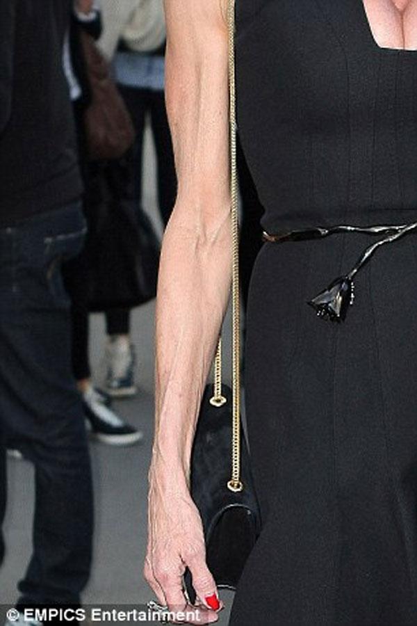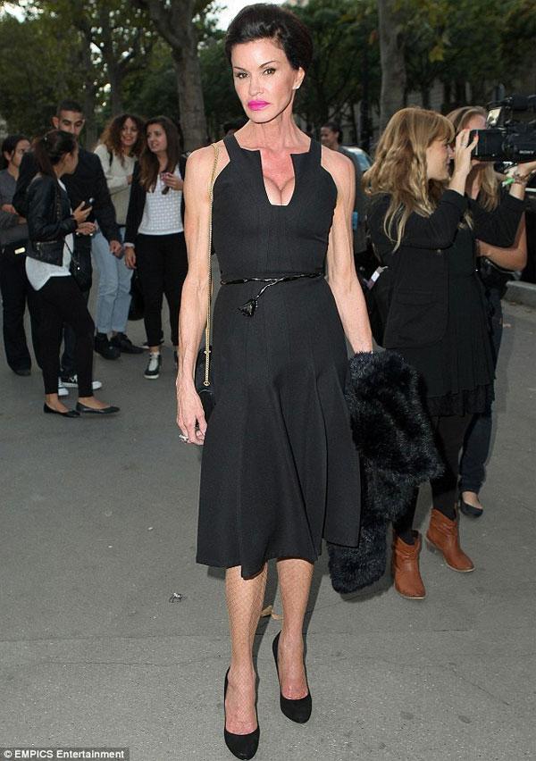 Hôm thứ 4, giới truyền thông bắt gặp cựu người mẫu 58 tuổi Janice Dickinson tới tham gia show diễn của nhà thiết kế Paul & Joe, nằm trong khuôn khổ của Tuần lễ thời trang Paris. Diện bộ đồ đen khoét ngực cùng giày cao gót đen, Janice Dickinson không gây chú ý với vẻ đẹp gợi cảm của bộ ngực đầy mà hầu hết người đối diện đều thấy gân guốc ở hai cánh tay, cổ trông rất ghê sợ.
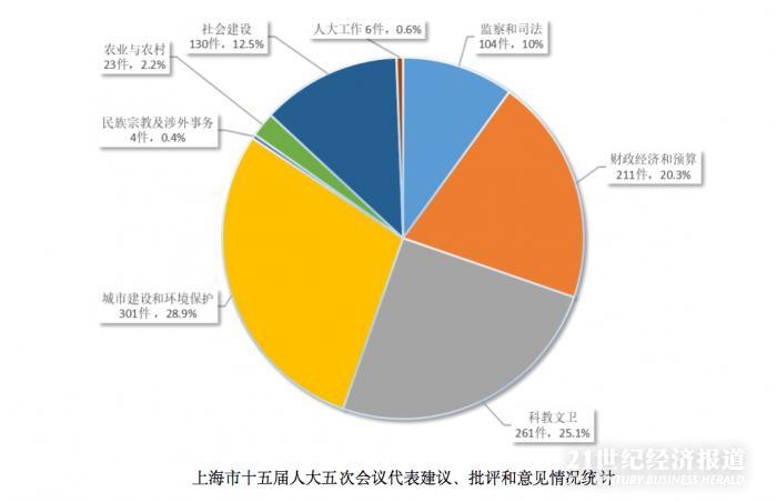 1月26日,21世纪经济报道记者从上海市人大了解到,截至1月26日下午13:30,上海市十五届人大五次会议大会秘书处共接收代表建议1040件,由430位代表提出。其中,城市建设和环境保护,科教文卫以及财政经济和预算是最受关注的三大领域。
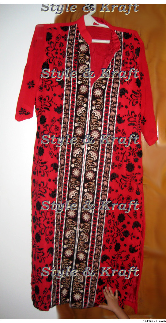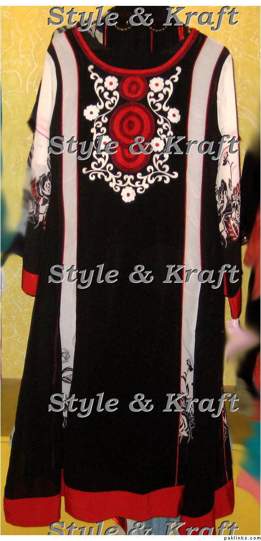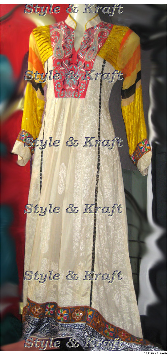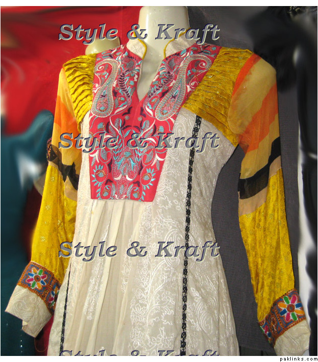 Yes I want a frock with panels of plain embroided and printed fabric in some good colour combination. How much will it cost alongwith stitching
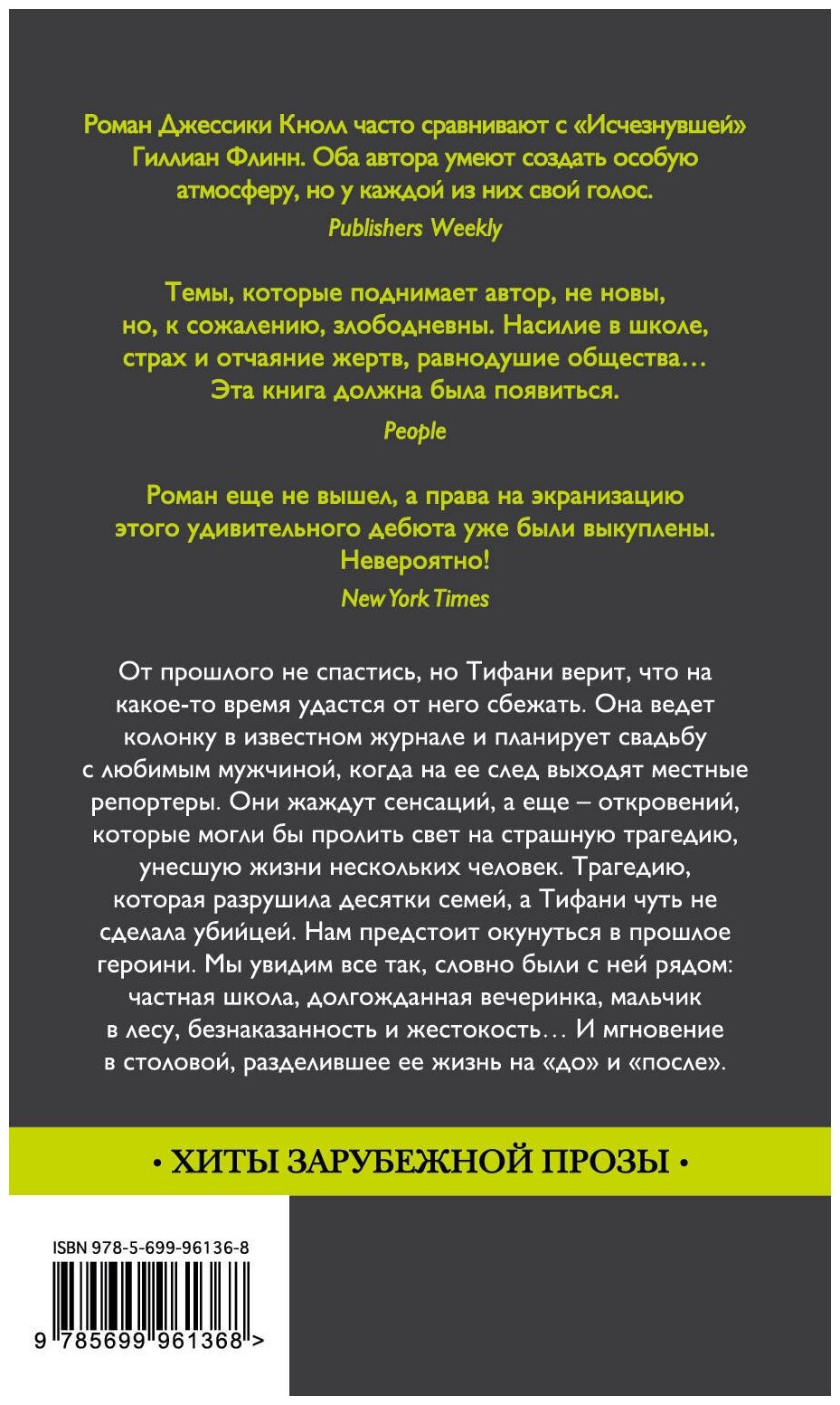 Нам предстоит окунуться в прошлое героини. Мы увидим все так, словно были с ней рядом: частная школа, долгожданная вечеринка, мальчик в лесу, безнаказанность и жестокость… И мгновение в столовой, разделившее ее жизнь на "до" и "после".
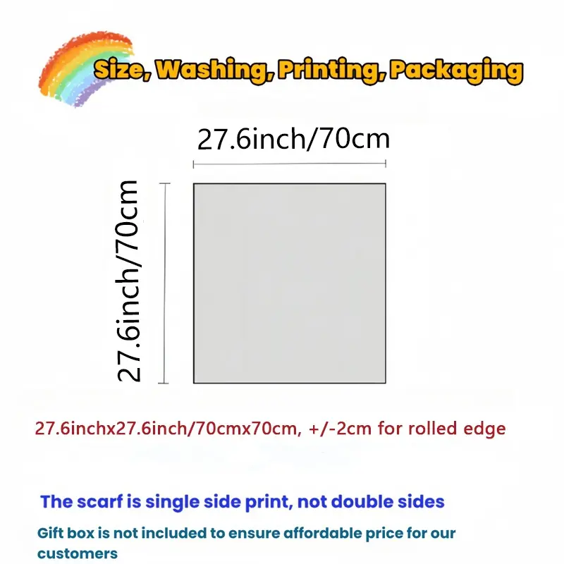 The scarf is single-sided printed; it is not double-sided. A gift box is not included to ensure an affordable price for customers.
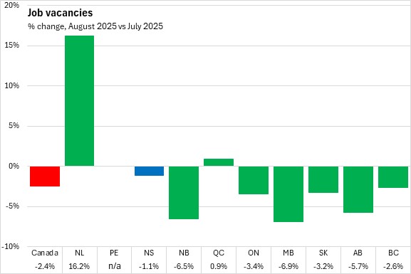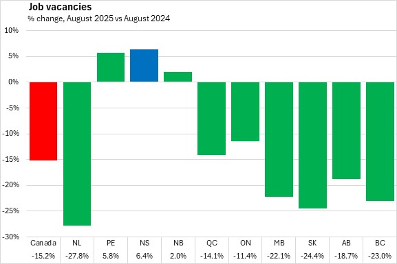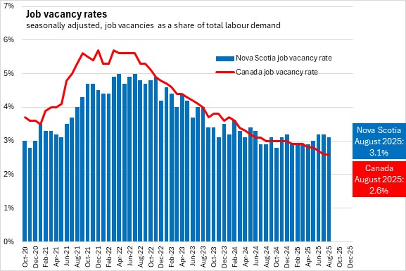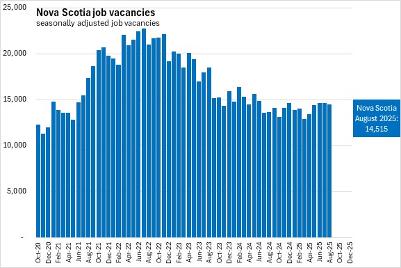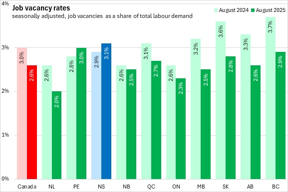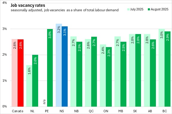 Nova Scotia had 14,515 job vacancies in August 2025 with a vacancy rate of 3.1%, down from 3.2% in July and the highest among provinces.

THE TASK: Set down the data above verbatim, omitting every image.

SOLUTION TO THE EXERCISE:
 Hôm thứ 4, giới truyền thông bắt gặp cựu người mẫu 58 tuổi Janice Dickinson tới tham gia show diễn của nhà thiết kế Paul & Joe, nằm trong khuôn khổ của Tuần lễ thời trang Paris. Diện bộ đồ đen khoét ngực cùng giày cao gót đen, Janice Dickinson không gây chú ý với vẻ đẹp gợi cảm của bộ ngực đầy mà hầu hết người đối diện đều thấy gân guốc ở hai cánh tay, cổ trông rất ghê sợ.
 1月26日,21世纪经济报道记者从上海市人大了解到,截至1月26日下午13:30,上海市十五届人大五次会议大会秘书处共接收代表建议1040件,由430位代表提出。其中,城市建设和环境保护,科教文卫以及财政经济和预算是最受关注的三大领域。
 Yes I want a frock with panels of plain embroided and printed fabric in some good colour combination. How much will it cost alongwith stitching
 Нам предстоит окунуться в прошлое героини. Мы увидим все так, словно были с ней рядом: частная школа, долгожданная вечеринка, мальчик в лесу, безнаказанность и жестокость… И мгновение в столовой, разделившее ее жизнь на "до" и "после".
 The scarf is single-sided printed; it is not double-sided. A gift box is not included to ensure an affordable price for customers.
 Nova Scotia had 14,515 job vacancies in August 2025 with a vacancy rate of 3.1%, down from 3.2% in July and the highest among provinces.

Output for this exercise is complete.